Courtesy the Briscoe Center for American History
Before 1966, half of all ambulance services were run by funeral homes.

Out of the Blue: 50 Years After the UT Tower Shooting” is Texas Standard’s oral history on the anniversary of the first public mass shooting of its kind. Throughout the week, we'll be bringing you more stories, like this one, about the impact the shooting had on Texas and the world.

Becky Villaseñor Burrisk had an unusual childhood. She was 15 years old when Charles Whitman took to the top of the University of Texas at Austin tower and began shooting at people on the campus below. It was Aug. 1, 1966.

“I remember being in first grade and being in the morgue while dad worked,” Burrisk says.

Burrisk’s father, Charles Villaseñor, owned Mission Funeral Home in Austin. In 1966, he was in his mid-30s. On that day, Villaseñor did not just care for the dead – he also cared for the living.

 

Rick Narad is a professor at California State University, Chico. He says back in the '60s, operating an ambulance meant getting an injured person to the hospital – nothing more.

“Get the patient from the scene to a higher level of care, and we didn’t really worry that much about any medical treatment during that time,” he says.

But in the '60s, half of the ambulances in the country were actually operated by funeral homes. That’s exactly what was on Villaseñor’s mind that Monday. The family had recently gotten a two-way radio. It was on in the office.

“The call came in,” Becky Burrisk says. “There was a shooting down at the university at the tower.”

Her father jumped up. He grabbed one of his workers.

“They put on their white jackets, and they were out the door,” she says.

Villaseñor was one of the first ambulance operators on scene. He and his team grabbed the wounded and took them to Brackenridge Hospital – the only trauma center in the city at the time. These funeral home workers had little medical training.

After the shooting, the National Academy of Sciences released a paper surveying emergency services across the country.

“It found that, among other things, the equipment wasn’t very good, the training was minimal, if nonexistent, and we didn’t do anything really to coordinate all the different providers,” Rick Narad says.

Government and private entities reacted, and we slowly began to see the EMS system change into what we know it as today.

Keith Noble is a commander with the Austin-Travis County EMS, which started in 1976. Paramedics now undergo nearly a year of training. They can provide medical care on the way to the hospital, and they also train alongside police officers.

“Over the last few years, we’ve been focusing on active shooter training pretty extensively with our field and command staff,” Noble says.

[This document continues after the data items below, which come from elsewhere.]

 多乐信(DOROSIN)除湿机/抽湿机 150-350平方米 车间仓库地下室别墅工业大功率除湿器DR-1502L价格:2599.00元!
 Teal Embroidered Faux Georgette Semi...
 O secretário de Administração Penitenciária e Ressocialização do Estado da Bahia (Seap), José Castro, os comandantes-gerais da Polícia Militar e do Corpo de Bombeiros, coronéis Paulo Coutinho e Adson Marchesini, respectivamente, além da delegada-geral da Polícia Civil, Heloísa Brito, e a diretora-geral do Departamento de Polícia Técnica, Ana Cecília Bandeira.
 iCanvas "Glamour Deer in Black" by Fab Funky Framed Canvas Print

He says in these cases they’re focusing on potentially life-saving procedures like stopping bleeding and starting CPR. It’s a sophisticated model compared to 1966, when there was no protocol for a sharpshooter picking off victims. At that time it was just civilians, officers and funeral home directors with little direction but lots of heart.

“There’s not a whole lot of people who have the ability to face that and to help other people through it,” Becky Burrisk says.

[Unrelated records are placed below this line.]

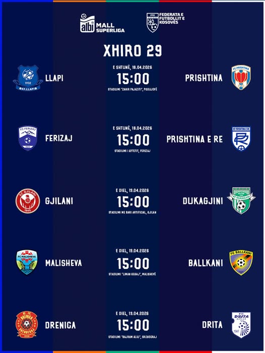 Kjo fundjavë pritet të sjellë xhiron e 29-të në Albi Mall Superligën e Kosovës,ku në program pritet të ketë ndeshje mjaft interesante për dashamirët e futbollit vendor.
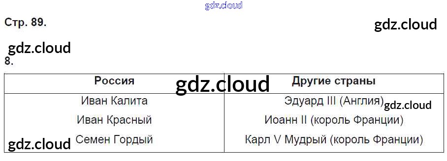 Ответ на задание стр. 89 Рабочая тетрадь История за 6 (шестой) класс Артасов, Данилов, Косулина, Соколова 2016
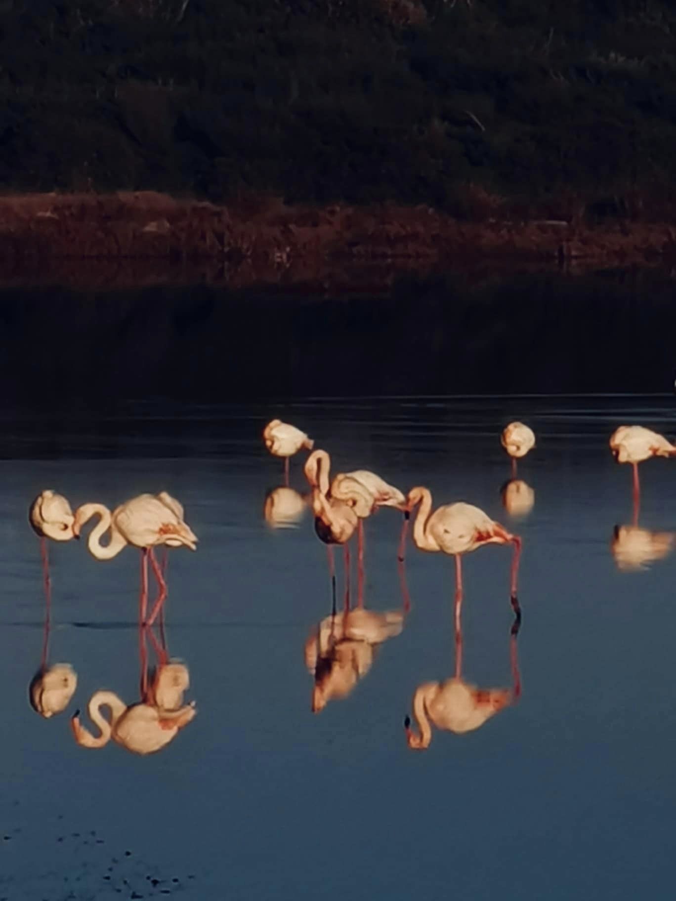 La torre costiera in primo piano, la Salina con i fenicotteri e un scorcio della località turistica
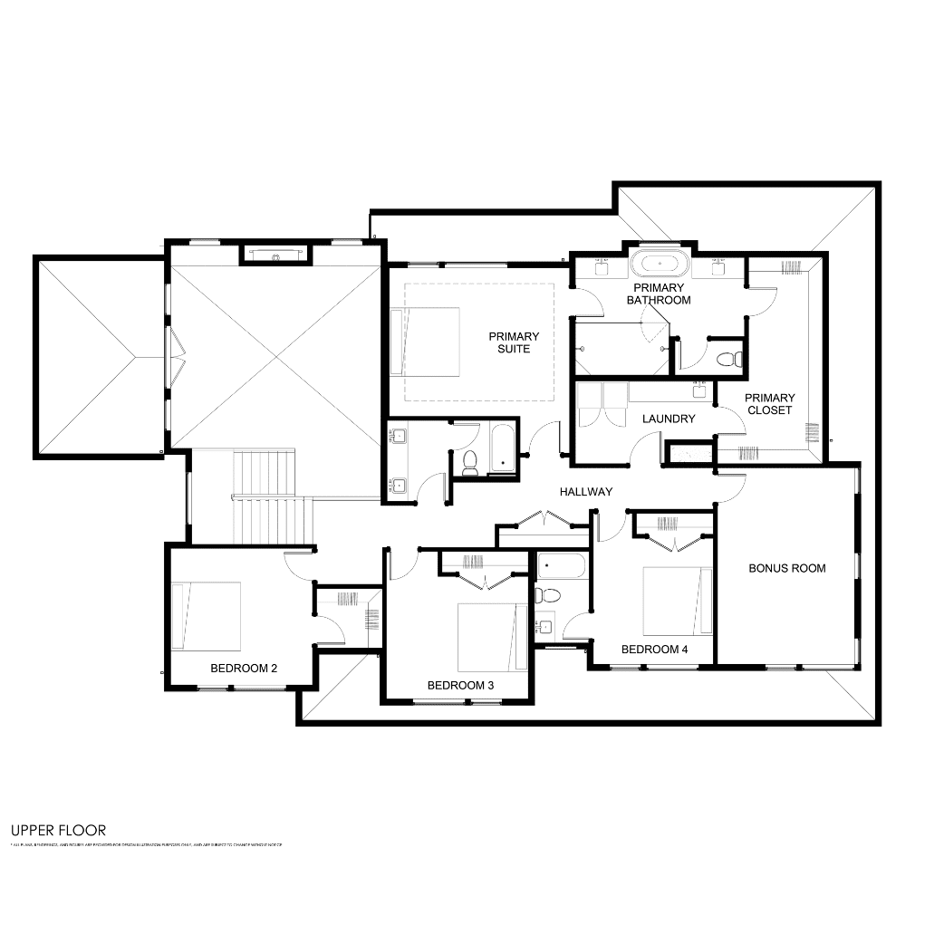 - Designer primary suite with five-piece bath and connected laundry

Burrisk says her dad never talked much about that day. But look through a 1966 cover article in Life Magazine, and you can just make him out: His back is to the photographer, and he’s helping a man into the rear of his ambulance. It looks like a hearse with emergency lights on top. On the back of his coat, you can barely make out the word: “Mission.”

Audrey McGlinchy is KUT's housing reporter. She focuses on affordable housing solutions, renters’ rights and the battles over zoning. Got a tip? Email her at audrey@kut.org. Follow her on Twitter @AKMcGlinchy.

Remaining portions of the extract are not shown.